Motif selection evaluation pipeline using ENCODE datasets. The blue boxes represent the motif discovery steps in (Kheradpour and Kellis, 2014). The discovered motifs were obtained from Kheradpour and Kellis (2014). All the ChIP-Seq datasets from the same transcription factor group (defined in Kheradpour and Kellis, 2014) were combined and duplicate peaks were removed. The evaluation datasets contain 10 000 random selected peaks, 10 000 random selected background sequences and the discovered motifs. Two new motif selection algorithms (i.e. the tabu search algorithm and the RILP algorithm), the greedy algorithm (Al-Ouran ), and the enrichment method (Kheradpour and Kellis, 2014) were evaluated using nested CV The motif selection methods were evaluated using the following metrics: Foreground coverage (ForeCov): The fraction of foreground sequences that contain the selected motifs. The algorithms attempt to maximize this metric. Background coverage (BackCov): The fraction of background sequences that contain the selected motifs. The algorithms attempt to minimize this metric. Error rate: The fraction of uncovered foreground sequences (i.e. False negatives) and covered background sequences (i.e. False positives). Number of motifs: The number of selected motifs returned by motif selection algorithms. This number should be minimized. Individual motifs were evaluated based on a Fisher exact test (Lin ) where the 2 × 2 contingency table was created with the following values: (i) the number of foreground sequences with at least one occurrence of a given motif; (ii) the number of foreground sequences with no occurrence of the given motif; (iii) the number of background sequences with at least one occurrence of the given motif; (iv) the number of background sequences with no occurrence of the given motif.

3 Results and discussion

Using the set cover-based methods, we are able to identify a small set of motifs for each TF group with high foreground coverage and low background coverage. This section provides a comparison of the results obtained by the set cover methods and the enrichment method (Kheradpour and Kellis, 2014). Additionally, we discuss biological insights provided by the motifs identified by the set cover methods.

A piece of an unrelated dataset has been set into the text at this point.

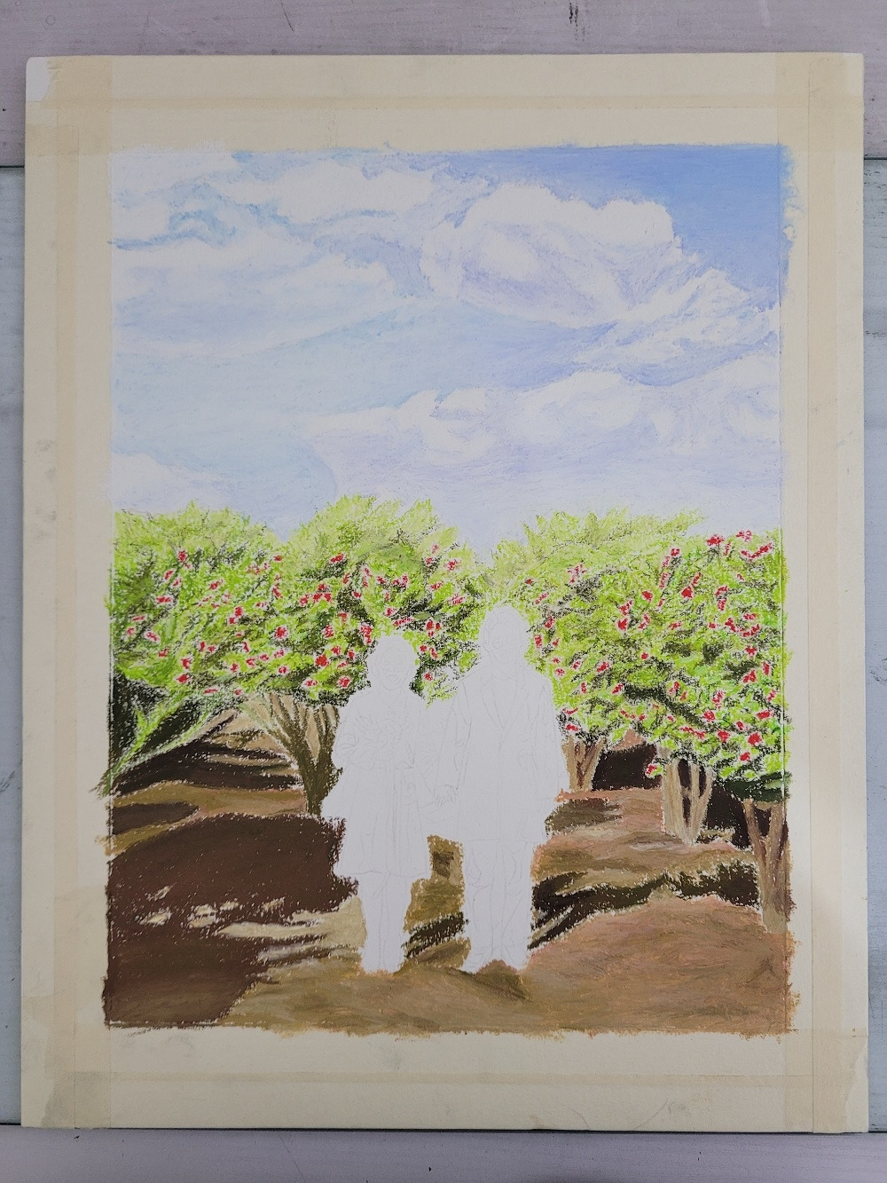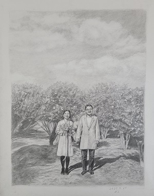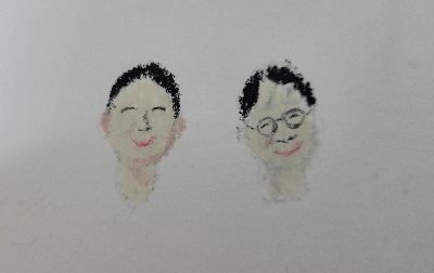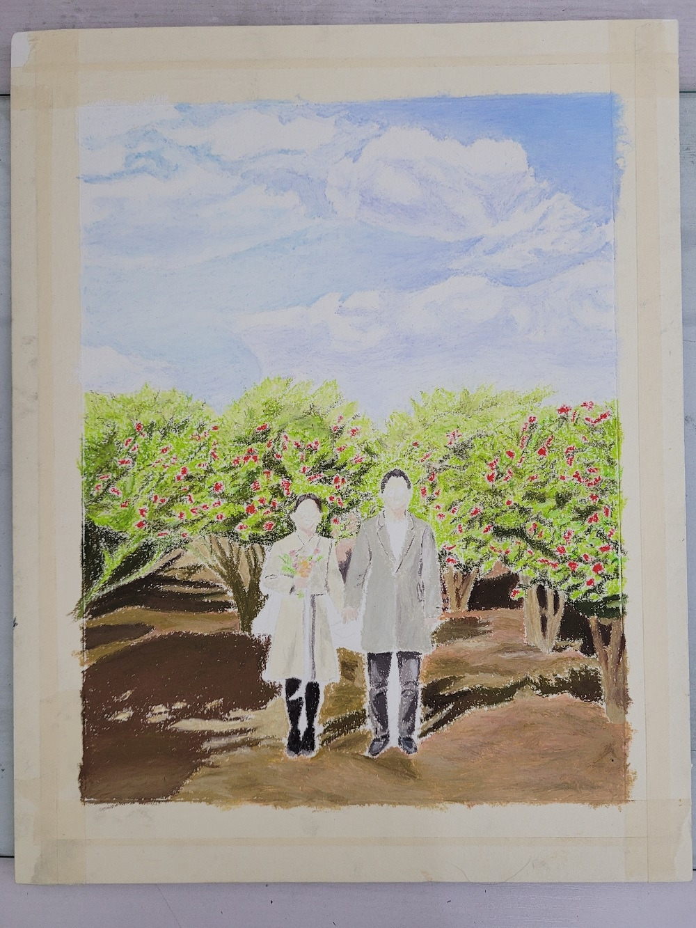 밑그림을 그리면서 쉽지 않았던 게 두 가지 있었다. 첫 번째는 나무, 그리고 두 번째는 '내 얼굴'. 사실 처음 그림을 그리기 시작할 때 가장 걱정했던 부분은 다들 쉽게 짐작할 수 있겠지만, 신부 얼굴을 이상하게 그리면 어떡하지에 대한 두려움이었다. 하지만 애정이 담긴 덕분인지 이외로 짝꿍 얼굴은 생각보다 수월하게 그릴 수 있었던 반면, 내 얼굴은 아무리 고치고 들여다봐도 썩 뭔가 닮지도, 마음에 들게 그려지지도 않는 느낌이었다. 오일 파스텔로는 세부 묘사가 어려웠기에 스케치 또한 그것을 감안해 너무 세밀 묘사는 피하도록 선생님께서 지도하셨지만, 얼굴이 마음에 들지 않는 것이 꼭 묘사가 부족하기 때문 만은 아닌 것 같기도 했다.
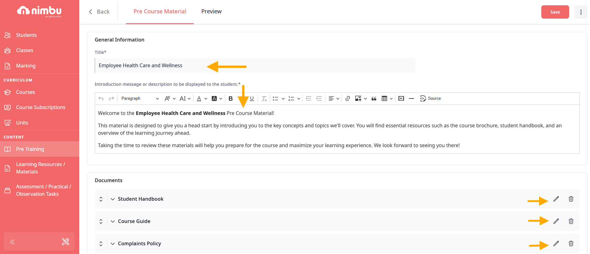 - Standardised Evidence Collection: By using the Pre-Course Material section, you can ensure students have received and acknowledged essential documents like student handbooks and course guides prior to starting their training.

3.1 Comparison of set cover-based methods

Three set cover algorithms were evaluated on the same 55 TF group datasets used by the enrichment method (Kheradpour and Kellis, 2014). Unlike the enrichment method, which calculates an enrichment score for each motif and then selects the top 10 motifs, the set cover methods iteratively optimize a group of selected motifs. The foreground coverage represents the fraction of ChIP-Seq regions that contain the selected motifs. As shown in Figure 2a, the median foreground coverage of the enrichment method is 66.6%, even though it is 1.7% higher than the tabu search method, it is 4.8 and 6.3% lower than the greedy method and the RILP method, respectively. Specifically, the enrichment method failed to cover more foreground sequences in 41 TF groups (see Supplementary Fig. S2a), suggesting that simply selecting the top motifs based on a sequence enrichment method can fail to account for all sequences of interest. With respect to the foreground coverage metric, the RILP method performed the best.

Fig. 2.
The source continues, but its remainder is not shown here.